Frederick R. Spencer’s work is memorable for his smooth, linear style. His later works appear almost photographic due to the high degree of finish. Spencer became interested in portraiture at an early age after seeing an exhibition by Ezra Ames in Albany at the age of 15. In 1825, Spencer would travel to New York City to draw from the casts at the American Academy of Fine Arts. He would later become a well revered portraitist for New York’s most prominent residents.

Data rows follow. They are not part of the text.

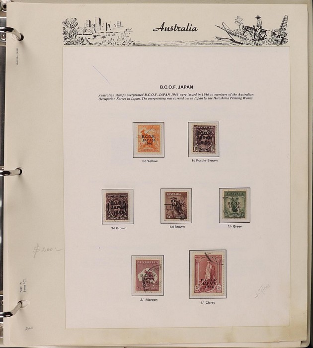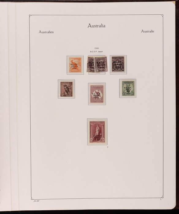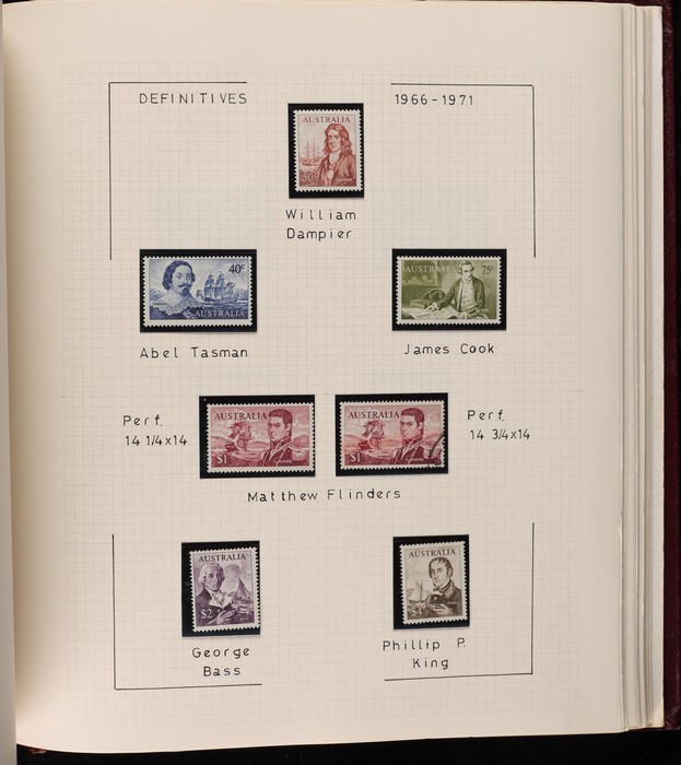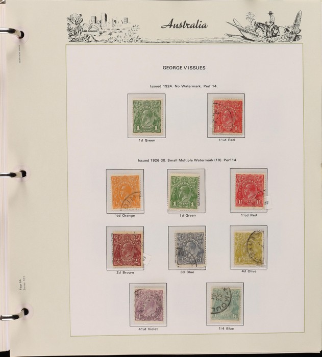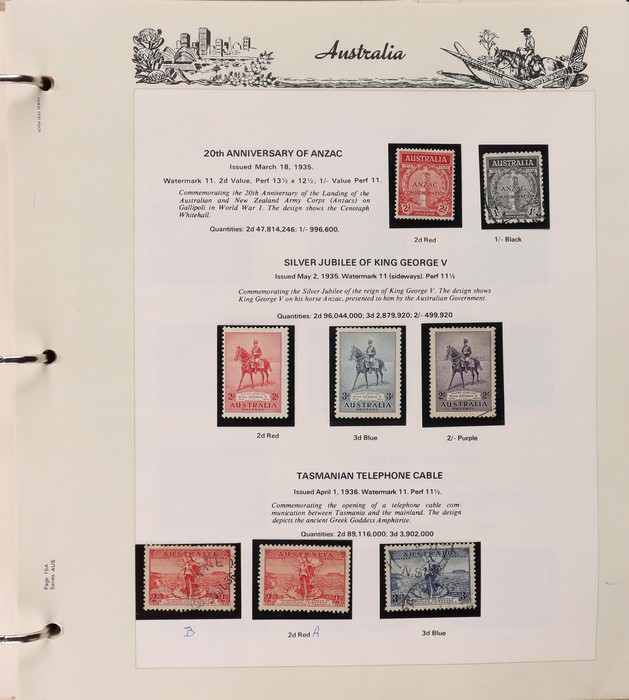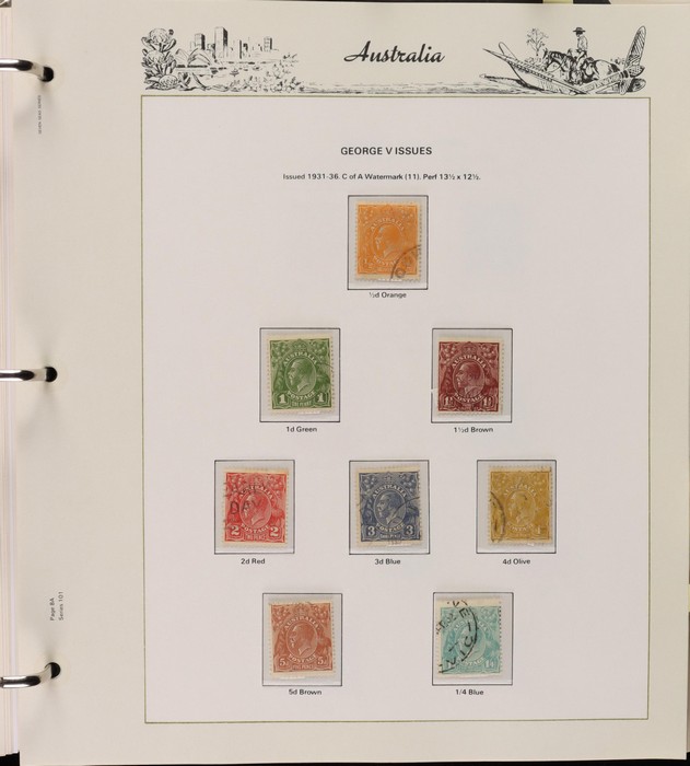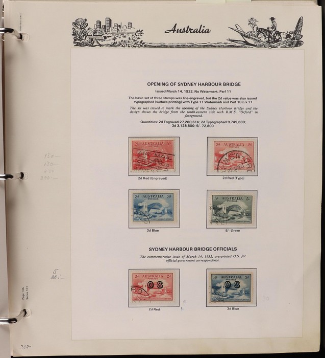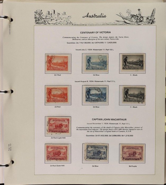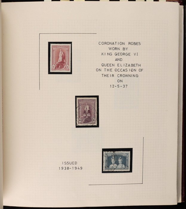 67 image1913-80s collection in Seven Seas album with illustrated hingeless pgs. Inc Kangaroos to 2/- maroon, KGV Heads to 1/4, fairly complete 1935-40 Commemorative sets complete, 1938 Robes 5/- to £1, both paper sets, 1949 Arms 5/- to £2, 1964 Navigators 4/- to £2 set with both papers, sparse in decimals, few errors in classifications. Mainly FU-VFU, about 10% F-MLH. SG cat £1350+ = A$2700. ACSC cat $2200+. Reserved at the replacement cost of the album. (400+) (Image1) (Image2) (Image3) (Image4) (Image5) (Image6) (Image7)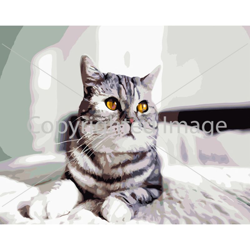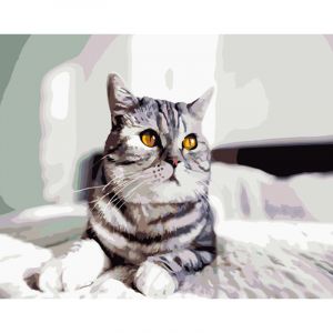 Картина за номерами Strateg ПРЕМІУМ Грайливий сірий кіт з лаком розміром 40х50 см (GS1335)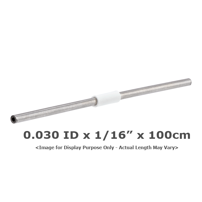 Tubing, Stainless Steel, Pre-Cut, 0.030 inch (0.762 mm) ID, 1/16 inch (1.59 mm) OD, HPLC Grade, White Band, 100cm Long. ARE-Applied Research brand. 1 EA.

Astelle Atterbury was the elegant wife of esteemed Architect Grosvenor Atterbury, who designed iconic houses in Southampton and beyond. Astelle is portrayed in a slick black dress, but interestingly posed in a dress with feathers and beads that took a peacock form. Astelle did not think the dress would look good in the painting, and had a tussle over it with the artist. As you can see, Astelle won, as she is believed to have threatened to walk away from the painting if she did not get her way. In her later years, Astelle secluded herself in her home on Sugarloaf, a “hill” in Shinnecock Hills. Her appearance in her latter years of her life would shift, and be quite different from her past socialite facade, as she grew to love her jeans and checkered shirts and was often found in her beloved tractor.
James Parrish and Family
This is a photograph of James Parrish, brother to Samuel Parrish, founder of the Parrish Art Museum and the final private owner of the Rogers Mansion. There is reason to believe the photograph was taken at Old Town Pond in Southampton. Parrish’s family is seen ice skating around him, and have brought the old man to the frozen pond to enjoy some time on the ice. The photograph is quite fun and lighthearted, depicting the Parrish family in a whimsical setting. Ice skating was a popular recreation for people during the early 20th century during cold winters, just as it is today.
Samuel L. Parrish
Samuel Parrish, founder of the Parrish Art Museum and final private resident of the Rogers Mansion, was born into a prominent family of Philadelphia Quakers. He developed a taste for Italian Renaissance artwork as a student at Harvard College. After moving his successful law practice from Philadelphia to New York in the early 1880s, Parrish began collecting art seriously. During this time, he would visit his family home in Southampton more regularly and in 1896, after visiting Italy, Parrish began his endeavor to build an art museum in Southampton that could store his prized collection of Italian Renaissance art. The Parrish Art Museum would grow into one of the best art museums in the area today thanks to Parrish’s commitment to the preservation and celebration of art.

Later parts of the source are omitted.